Where did the feeling go?

feeling happy unhappy cat

Most people seem happy at work

Most people seem to feel happy enough with their work. That’s apparent from the lack of movement in the job market. If more people were desperately unhappy they would all be moving jobs. There would be more vacancies, more job advertisements and more recruitment agencies. Wouldn’t there?

Most people tend to stay at work for a few years. According to statistics, the average time in a job is between four and five years. That leads to the conclusion that most jobs have a shelf life. They might work well for a while, but often not for a whole career. Changing jobs is routine and normal.

How do you feel about work?

Whilst your state of ‘happiness’ seems a simple question, it’s much deeper and broader than that.

Are you excited to go into work? Do you feel fairly rewarded, genuinely appreciated and well supported? Do you respect your manager, like your colleagues and enjoy your job? Do you really care about your organisation’s goals? Does it care about yours? Do you have great training, opportunities for promotion and supportive mentoring?

Don’t settle

If the answer to those questions is repeatedly ‘Yes’ then you’re in a great place, doing great work. Use that knowledge to power you on.

However, if you used to be happy at work and now you’re not, or you’ve never been particularly happy, don’t settle. Why should you have to accept less happiness than you deserve?

We don’t do our best work unless we’re happy doing it. We can’t care about our organisation, unless it cares about us. How we feel about our job reflects in how well we do it. Settling for what you have restricts your future as well as your present. If there’s no current to move you down the river, you’ll sink down and settle at the bottom.

If your current job is stifling your ambition, restricting your creativity or making you unhappy, it’s probably time to do something about it.

Change your job or change your job

Firstly, it’s sensible to try and change the aspects of your work that you don’t like. Some changes will be within your control and you can try and adapt them yourself. But some won’t and you’ll have to nudge, persuade and influence the changes you need. You can do a great deal to change you own circumstances. Often more than you think.

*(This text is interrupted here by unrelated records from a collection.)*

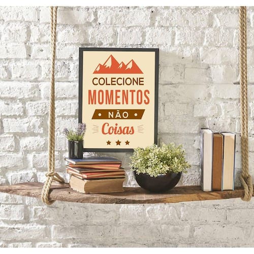 Quadro Decorativo Colecione Momentos, Não Coisas - Tamanho: A4 (20 x 30) / Acabamento: Película de acetato / Moldura: Madeira preta
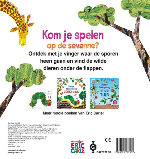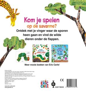 Het werk van Eric Carle schittert in het stevige zoekboek vol flappen 'Rupsje Nooitgenoeg zoek & vind - Wilde dieren': van olifanten tot leeuwen en van giraffen tot zebra's, allemaal spatten ze in warme kleuren van de pagina's. Op elke spread leidt een verzonken spoor, dat dreumesen en peuters met hun vingertoppen kunnen volgen, naar een grote flap waarachter een dier is verstopt. Ga met Rupsje Nooitgenoeg mee op safari en zoek de wilde dieren.
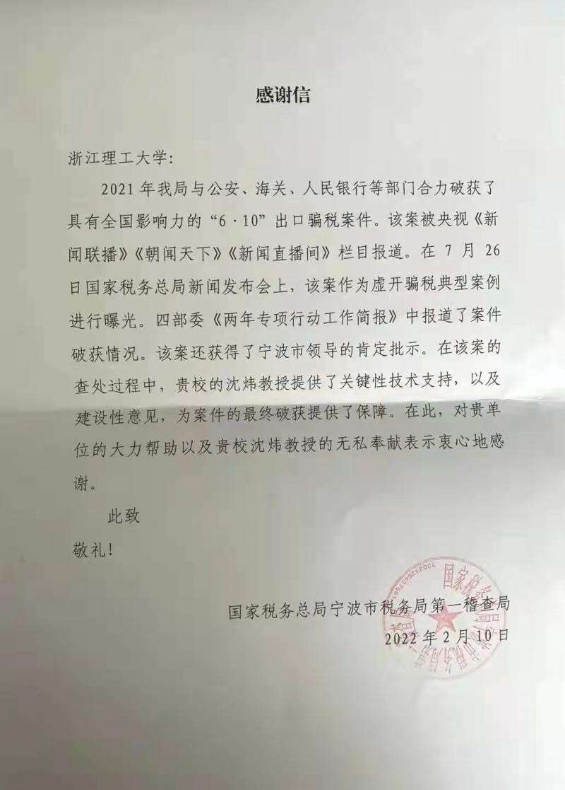 2月10日,国家税务总局宁波市税务局第一稽查局就沈炜教授协助破获“6·10”出口骗税案向浙江理工大学送上了感谢信。这让沈炜教授一时间受宠若惊,他表示“学习计算机专业既能掌握科技的魅力,又能感受服务社会的浪漫情怀。”

If you can’t nudge the changes you need, ask politely for help. Use your appraisal as an opportunity to try and re-shape your role. If you don’t ask (nicely), you won’t get. If you ask and still don’t get, you’ll need to look outside your current job for other opportunities.

Making a change can be hard work and time consuming. Changing jobs requires research, preparation, paperwork and positive energy. Changing career requires an additional investment in ourselves. But there are lots of training courses, government advice services and recruitment sites to help with the transition process. Positive change is worth the time and effort.

Where did the feeling go?

If the feeling has truly gone, then search for somewhere you’re likely to get it back.

And if the next job isn’t quite right, you can always move again, until you get the feeling back.